I remember having tried to fossilize files in the Ms Office 2007 formats;
the docx, xlsx, etc. formats are merely zips containing mainly XML files.
The
root file is called [Content-Types].xml

Even if it is not sane to include such characters in file names, those
characters
happen to exist.

On Tue, Mar 6, 2012 at 19:24, Leo Razoumov <slonik...@gmail.com> wrote:

> On Tue, Mar 6, 2012 at 10:14, Ștefan Fulea <fulea.ste...@gmail.com> wrote:
> >
> > So I'm ending up in the same questions - why does it have to be an
> > blocking error and not a simple warning?

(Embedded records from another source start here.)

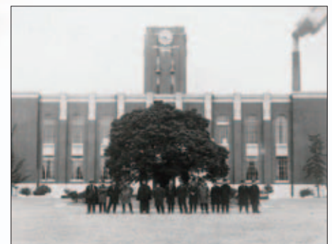
Students standing in front of the Clock Tower and the first camphor tree. The current camphor tree was planted in 1934 after the first tree was destroyed by a typhoon.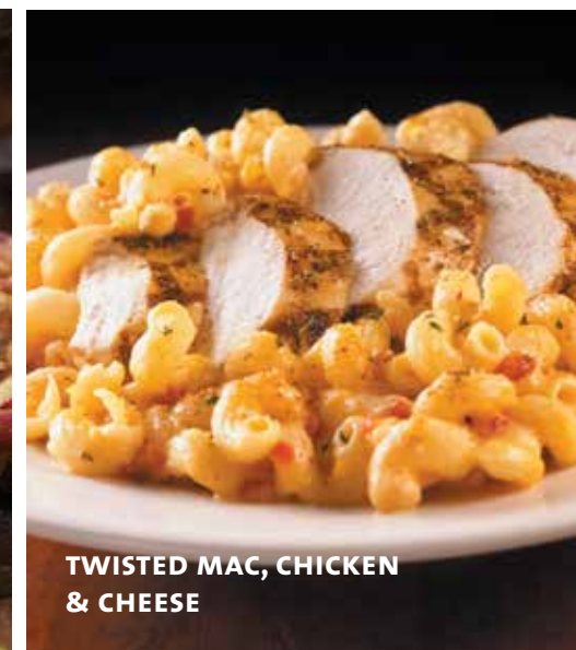
TWISTED MAC, CHICKEN & CHEESE

* Consuming raw or undercooked hamburgers, meats, poultry, seafood, shellfish or eggs may increase your risk of foodborne illness, especially if you have certain medical conditions.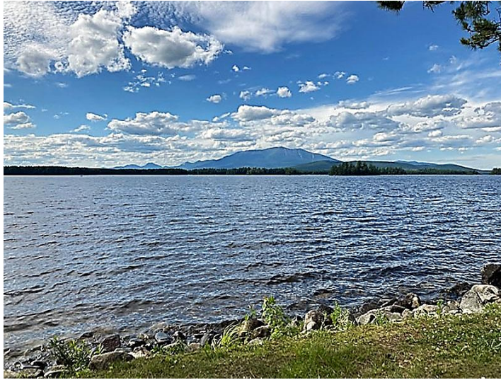
Millinocket Lake in Foreground and Mount Katahdin in far background–Beautiful and relaxing!

We had a lively crowd of 9 on Oct. 11 th at Dysarts. The weather was great, but lots of fog at my home for a bit. Everyone was in good spirits and still able to handle getting older gracefully.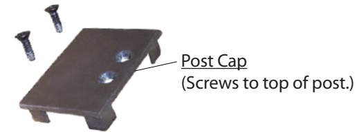
Post Cap (Screws to top of post.)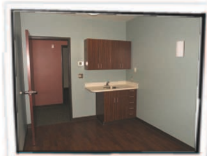
Exam room layout.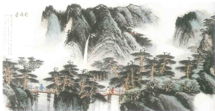
行吟图 Traveling 70cm × 138cm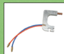
Part No: CAwheelarch (Standard)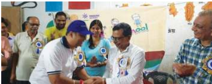
Interest free refundable micro credit loan at RCC Heliagachi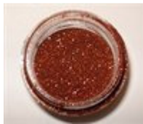
31. Sizzlin' Cinnamon SF Dark Copper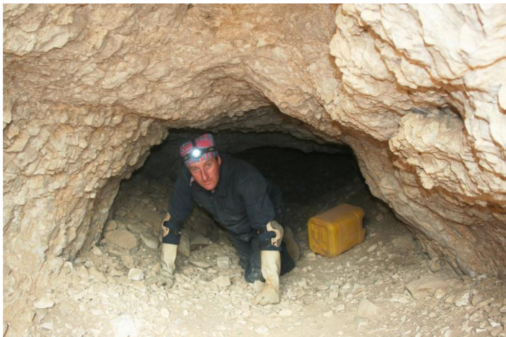
Fig. 6. Northern entrance of Christmas Cave.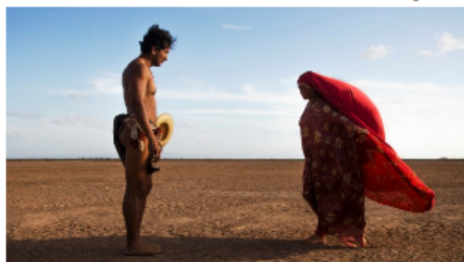
Still from Birds of Passage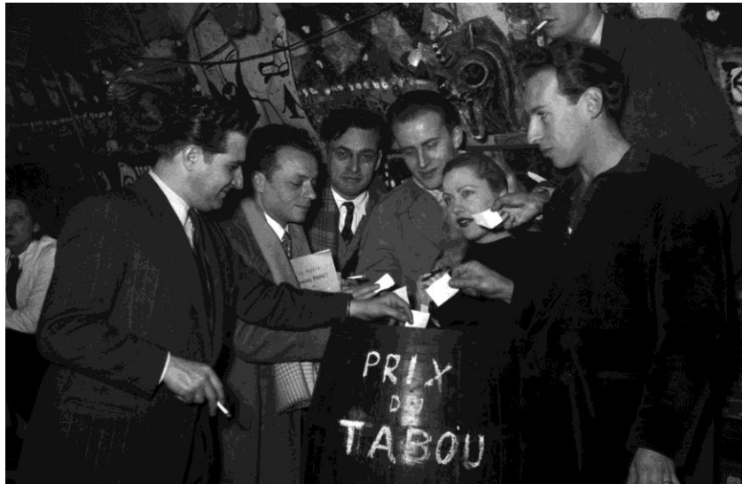
Figure 2: The votes are cast for the Prix de Tabou, 1948. At the back of the group, facing the camera, is Raymond Queneau. Vian is beside him to the right. In the background, to the left, is Simone de Beauvoir.

In his Manuel de Saint-Germain-des-Prés , Vian wrote that, being fixed in advance, the Prix du Tabou was “just like all the other [literary prizes] except for the distinction of being the only one to acknowledge this without the least embarrassment,” and thus “the only honest prize in the calendar”. 24 The prize’s first winner was Sally Mara. Not everyone was in on the joke when Raymond Queneau collected it in her absence.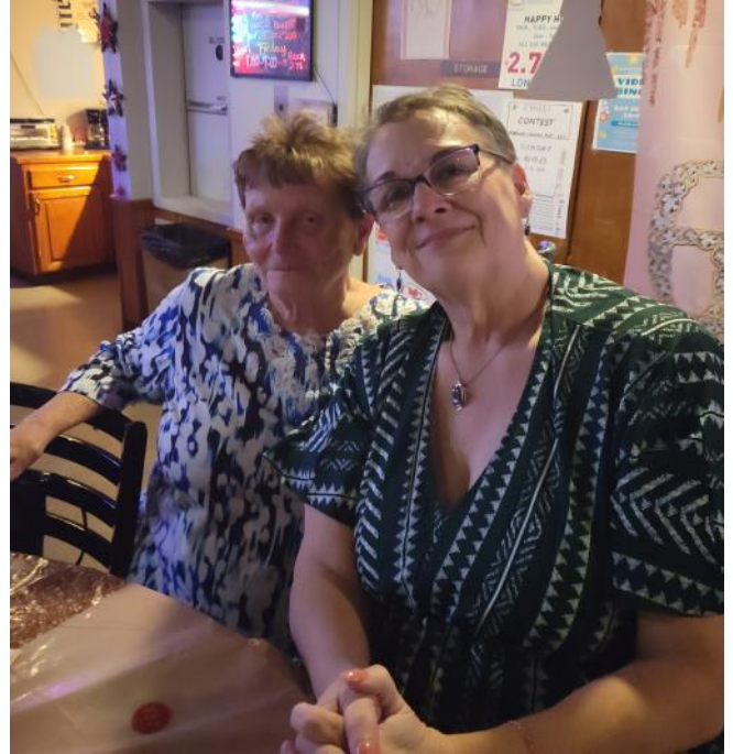
Two of the GREATEST fund raising ladies in any Post

The problem that makes sense
> > reporting as an error might be at information retrieval, and that's
> > if, only if, it will be the case (most likely not). For now, the
> > entire architectural decision appears to me like trying to cure a
> > disease by shooting the patient dead! In it's current state, Fossil is
> > not a keeper, sorry.
>
> After giving it a second thought I am fine with avoiding [*^]
> characters as part of filenames for two reasons:
> (1) fossil glob patterns use [*^]  for special purposes
> (2) [abc123] syntax designates an artifact's SHA1 hash prefix
>
> --Leo--
>
> P.S. Each SCM system has its own arbitrary limitations. In GIT, for
> example, :~^ cannot be used in tag/branch names.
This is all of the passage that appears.